WHAT YOU ARE ASKED TO DO:
To complete this task, print all the data below exactly but leave out the images.

[Source records]
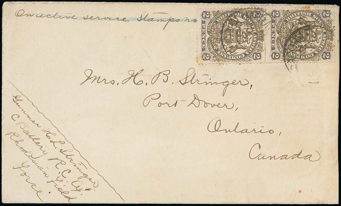 1900 (3 May) envelope to Ontario from "Gunner H.L. Stringer, C Battery R.C.A., Rhodesian Field Force", no stamps available has been crossed through and a pair of Rhodesia 1897 2d. tied by Marandella's c.d.s. (without date slug), the reverse with Umtali (4.5) and Port Dover arrival c.d.s. (19.6). A rare and highly important cover, thought to be one of only three recorded from Rhodesia. Photo
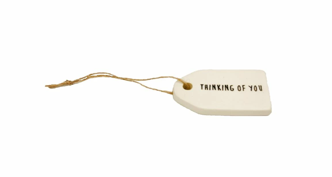 Moderne og bærekraftig alternativ til engangs-gavelapper. Fin gavelapp av keramikk med trykket «Thinking of you» og jutetråd til å feste lappen med. Dekorer gaven din med en etikett av keramikk som kan brukes om igjen og gis videre av mottakeren. Mål: Lengde 5,5 x bredde 3 cm.
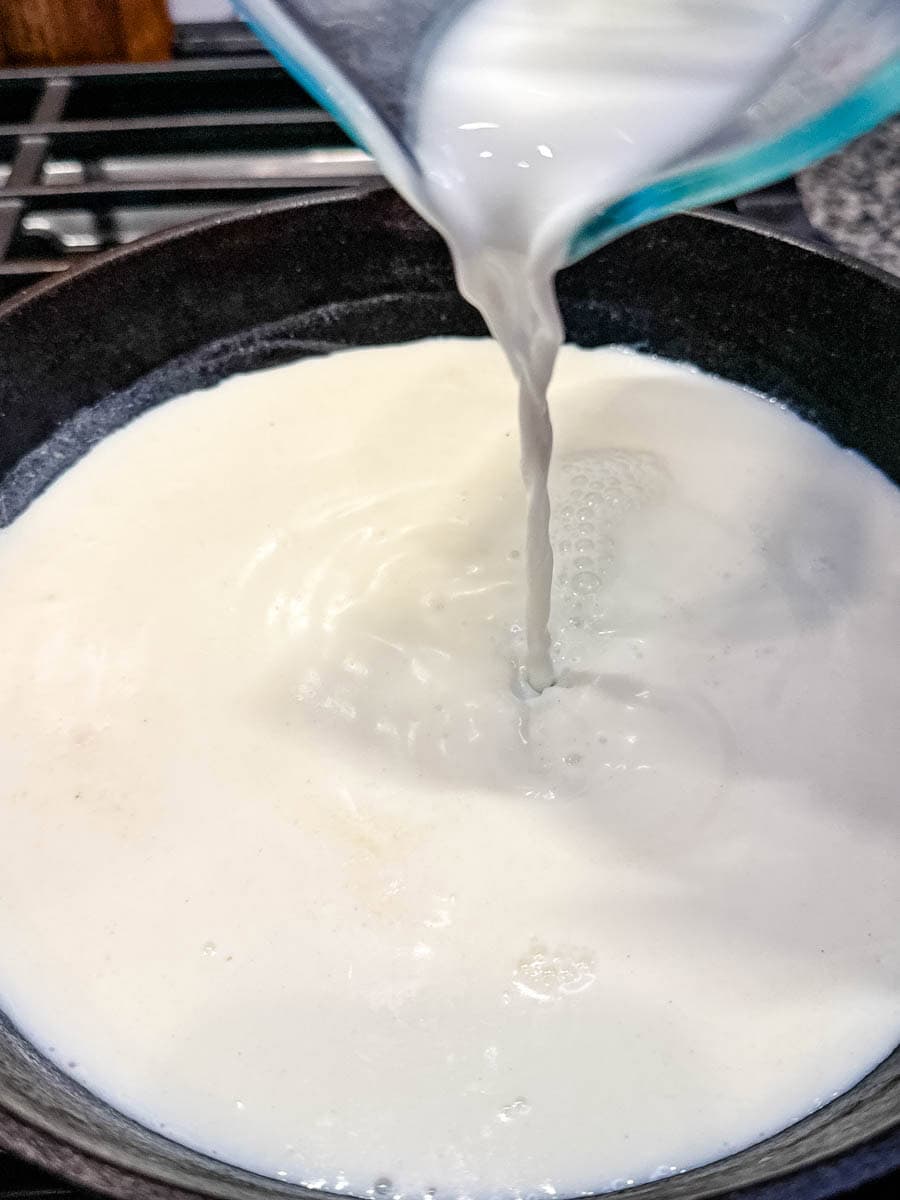 - In a large pot, pan, or saucepan, combine water and milk over medium heat. Once it starts to bubble gently (not a full boil), reduce the heat to low.
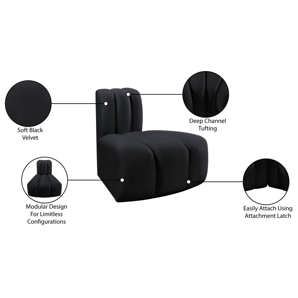 Meridian Arc Black Velvet Upholstered Modular Straight Chair
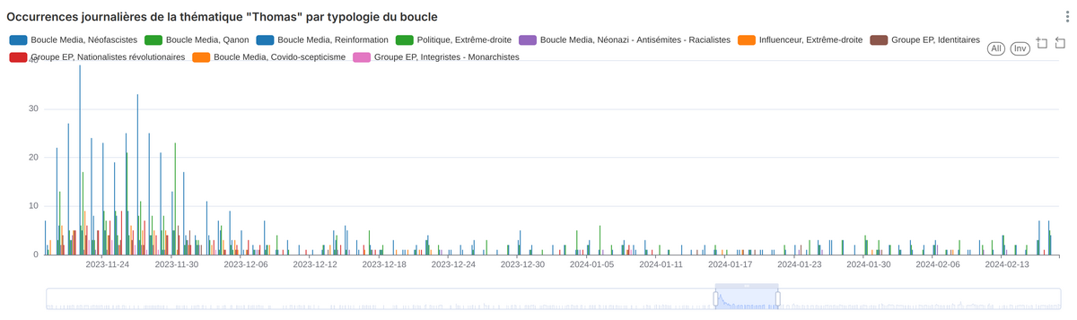 Pour faire chauffer la machine, lançons une première analyse sur la proportion des thèmes de société abordés dans les boucles d’extrême droite. En pôle position on retrouve « immigration », « justice » et « covid ». En bons derniers, on note les « vpolice-media » (affaires de violences policières médiatisées) et les « vss-media » (affaires de violences sexistes et sexuelles médiatisées). On observe également l’irruption de la question agricole en janvier 2024, à l’occasion du mouvement des agriculteurs. Une récupération à la fois réactionnaire et anti-écologiste, heureusement vite résorbée.
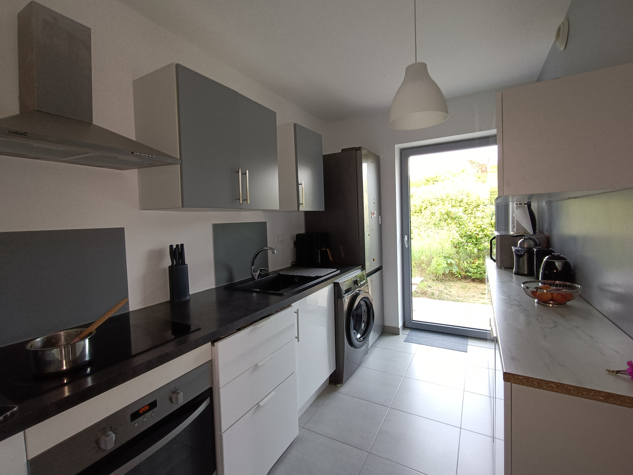 Composée d'une entrée avec placard, une cuisine aménagée avec un accès sur l'extérieur, un cellier, une salle d'eau avec wc et un salon/séjour donnant directement sur la terrasse sans vis à vis.

FINISHED EXERCISE:
 1900 (3 May) envelope to Ontario from "Gunner H.L. Stringer, C Battery R.C.A., Rhodesian Field Force", no stamps available has been crossed through and a pair of Rhodesia 1897 2d. tied by Marandella's c.d.s. (without date slug), the reverse with Umtali (4.5) and Port Dover arrival c.d.s. (19.6). A rare and highly important cover, thought to be one of only three recorded from Rhodesia. Photo
 Moderne og bærekraftig alternativ til engangs-gavelapper. Fin gavelapp av keramikk med trykket «Thinking of you» og jutetråd til å feste lappen med. Dekorer gaven din med en etikett av keramikk som kan brukes om igjen og gis videre av mottakeren. Mål: Lengde 5,5 x bredde 3 cm.
 - In a large pot, pan, or saucepan, combine water and milk over medium heat. Once it starts to bubble gently (not a full boil), reduce the heat to low.
 Meridian Arc Black Velvet Upholstered Modular Straight Chair
 Pour faire chauffer la machine, lançons une première analyse sur la proportion des thèmes de société abordés dans les boucles d’extrême droite. En pôle position on retrouve « immigration », « justice » et « covid ». En bons derniers, on note les « vpolice-media » (affaires de violences policières médiatisées) et les « vss-media » (affaires de violences sexistes et sexuelles médiatisées). On observe également l’irruption de la question agricole en janvier 2024, à l’occasion du mouvement des agriculteurs. Une récupération à la fois réactionnaire et anti-écologiste, heureusement vite résorbée.
 Composée d'une entrée avec placard, une cuisine aménagée avec un accès sur l'extérieur, un cellier, une salle d'eau avec wc et un salon/séjour donnant directement sur la terrasse sans vis à vis.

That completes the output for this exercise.